Which lines run from the one containing "- Kisses tulle" to the end of the material below? Copy them exactly, pictures excluded.

Dataset content below:

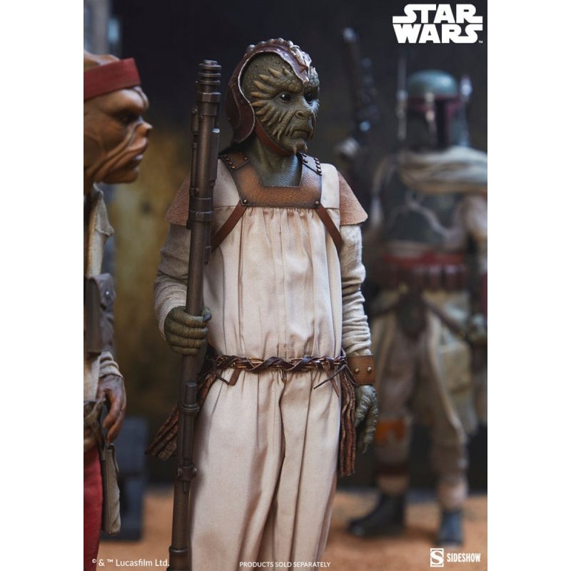 Sideshow presents the Klaatu™ Sixth Scale High-End Collectible Figure, an officially licensed Star Wars™ collectible ready to spend his days in your palace.Klaatu is a green-skinned Nikto, or Kadas'sa'Nikto, a species distinct for their scaly skin and symmetrical facial horns. A gambler and barge repairman, he is known to fans as an enemy of Luke Skywalker, and was disarmed by the Jedi at the Great Pit of Carkoon. As the destroyed barge crashed into Tatooine's sand dunes, this hardened warrior displayed loyalty to his host by remaining aboard.Inspired by the character's appearance in Return of the Jedi™, this fully articulated, highly poseable high-end Star Wars figure wears tailored fabric clothing accurate to his on-screen ensemble. His outfit consists of a tan vest, trousers, and hood, as well as armor befitting a henchman in Jabba the Hutt's entourage. The Klaatu™ Sixth Scale High-End Collectible Figure also wears a belt laden with thermal detonators across his chest and includes a pair of relaxed hands and a pair of gripping hands for the vibrostaff accessory.The Klaatu™ Sixth Scale High-End Collectible Figure is the latest addition to Sideshow's Scum & Villainy line of high-end collectibles, which brings your favorite underworld denizens all the way from a galaxy far, far away to your nearest home barge. Keep your senses sharp and be on the lookout for more infamous characters in this delightfully dangerous series of limited-edition high-end figures.Set sail with the Klaatu™ Sixth Scale High-End Collectible Figure by Sideshow!
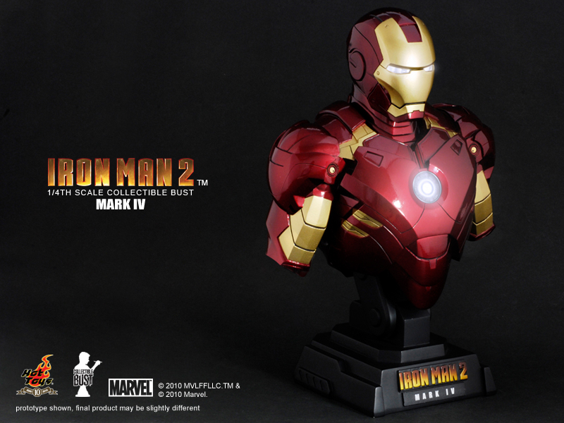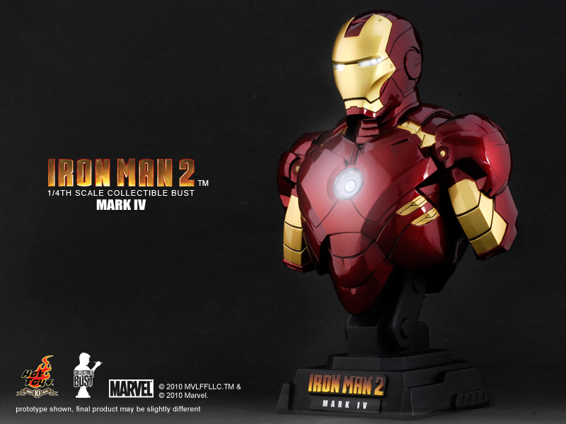 [HR][/HR]Hot Toys provides a look at their latest Iron Man 2 movie collectible: The 1:4th scale Iron Man 2 Mark IV bust.
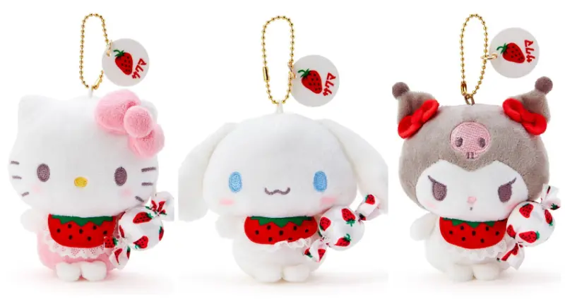 仔細一看會發現,這次「三麗鷗X草莓牛奶糖」的娃娃吊飾手上,都有拿著經典的白底紅草莓包裝糖果,而且胸前統一都繫上了草莓圖案的圍兜,瞬間化身成粉嫩的「草莓寶寶」,模樣真的可愛翻了!而這副超萌模樣,還印在各種周邊上,不管買了哪一款絕對都是療癒度爆表。
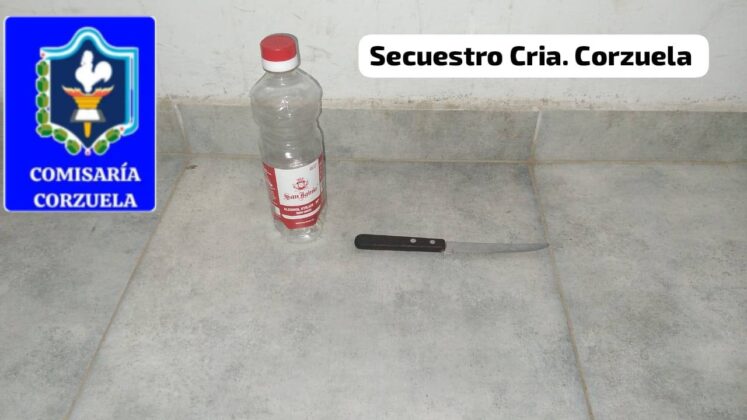 Durante el procedimiento se secuestraron un cuchillo tipo sierrita y una botella de alcohol etílico de 500 cm³, elementos que fueron incorporados a la causa como posibles pruebas del hecho.
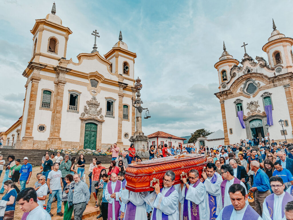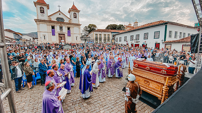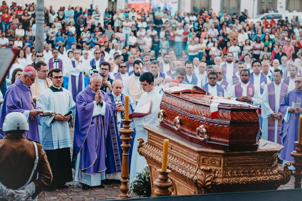 Com profunda emoção, as insígnias episcopais, o anel e a cruz, foram solenemente retirados, simbolizando a expectativa de sua ressurreição e o legado deixado em sua trajetória como pastor da comunidade. Todos seguiram em cortejo do Santuário Arquidiocesano de Nossa Senhora do Carmo em direção à Praça Cláudio Manoel, onde foi celebrada a última missa exequial.
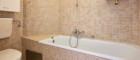 Das Badezimmer ist mit einem Waschbecken, einem WC und einer Badewanne ausgestattet.
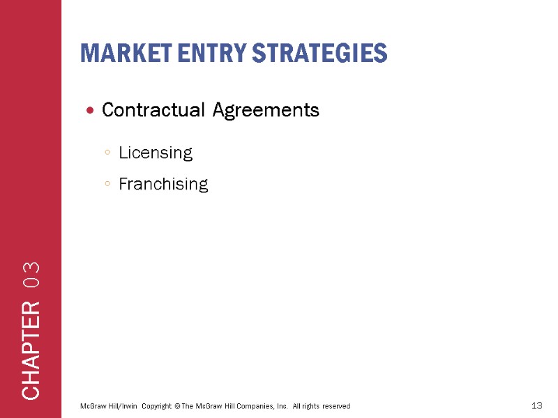 Market Entry Strategies Contractual Agreements Licensing Franchising McGraw Hill/Irwin Copyright © The McGraw Hill Companies, Inc. All rights reserved 13
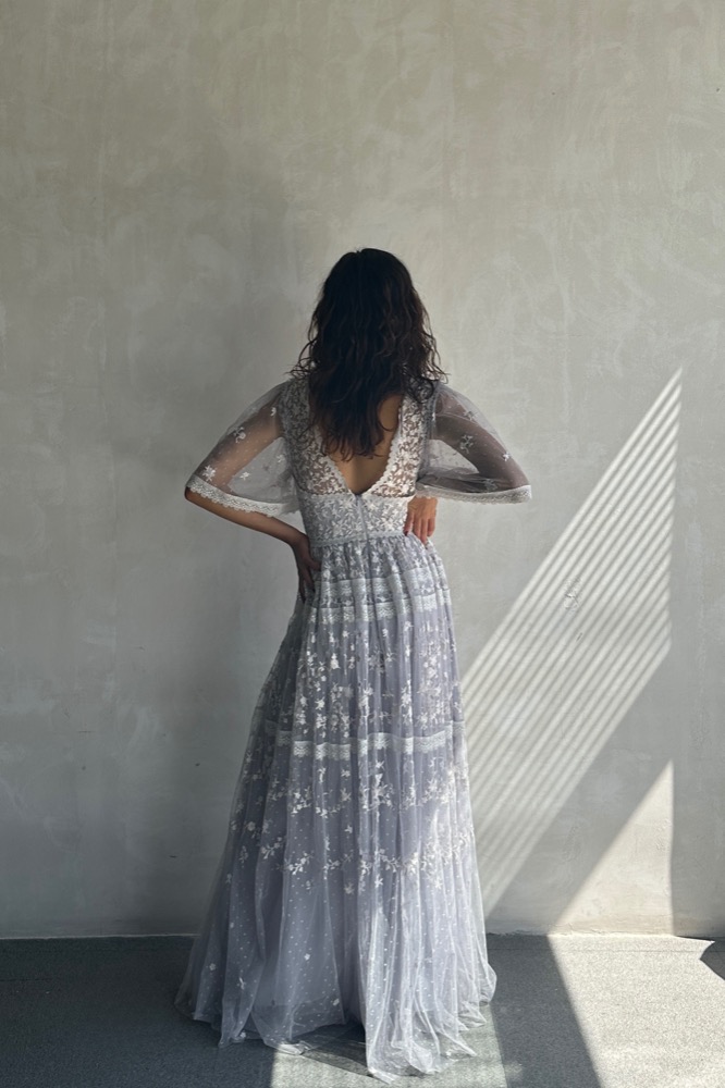 - Kisses tulle decorated with tonal embroidery and lace trims
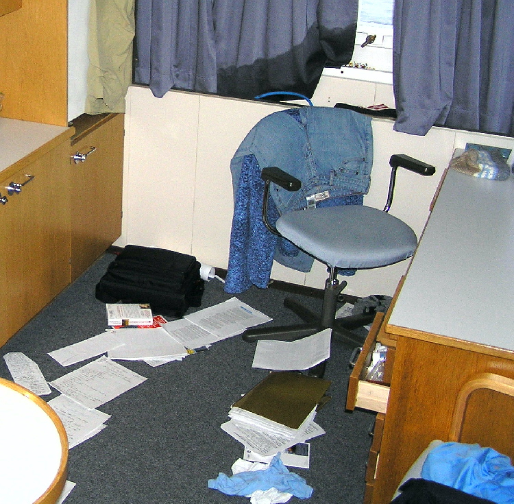 Greenland Sea, toward Greenland. Time for lectures, reading & visiting and seeing our 1st sunset in 16 days! | 8/24 the Vavilov was buffeted by hurricane force winds at 72 knots and 23 foot waves. Woke us up and tossed us around | ![]() Part of our cabin after the storm 8/24/08 |
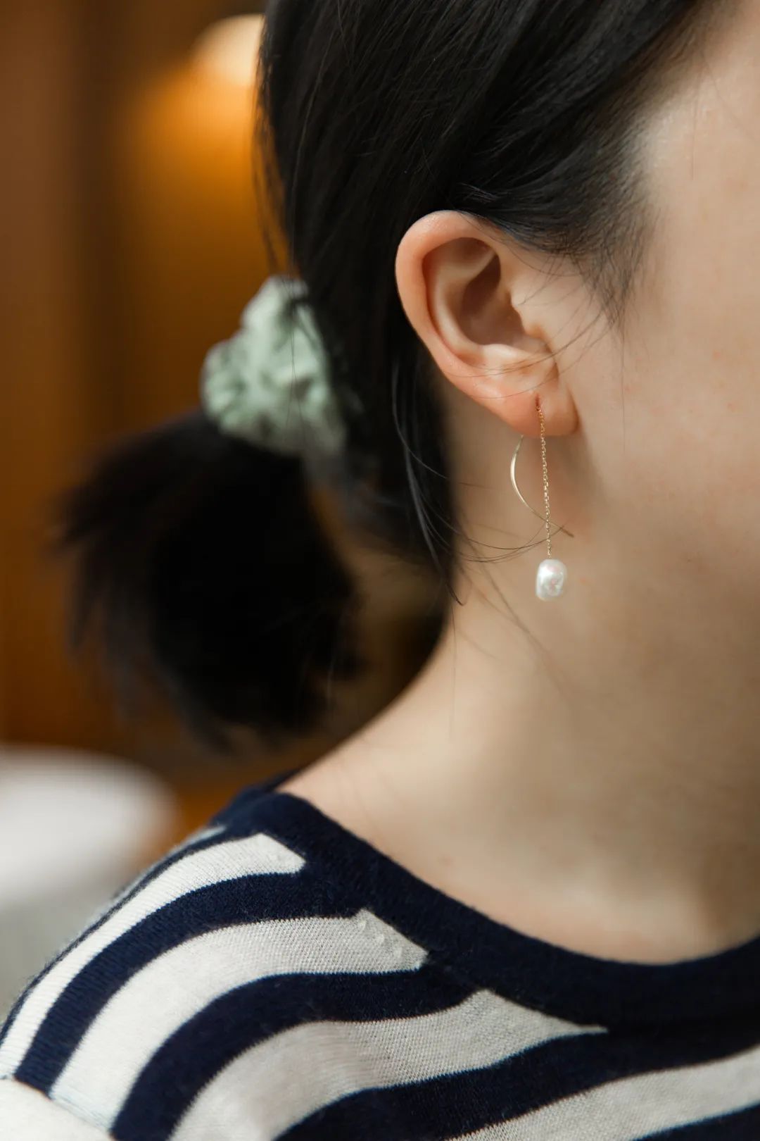 耳线的尾部是有一个卷曲的弧度,佩戴效果很灵动,用手工制成。而整副耳环的流线和淡水巴洛克珍珠也十分的般配。

End of Dataset content.

## [Answer for the task]
 - Kisses tulle decorated with tonal embroidery and lace trims
 Greenland Sea, toward Greenland. Time for lectures, reading & visiting and seeing our 1st sunset in 16 days! | 8/24 the Vavilov was buffeted by hurricane force winds at 72 knots and 23 foot waves. Woke us up and tossed us around | ![]() Part of our cabin after the storm 8/24/08 |
 耳线的尾部是有一个卷曲的弧度,佩戴效果很灵动,用手工制成。而整副耳环的流线和淡水巴洛克珍珠也十分的般配。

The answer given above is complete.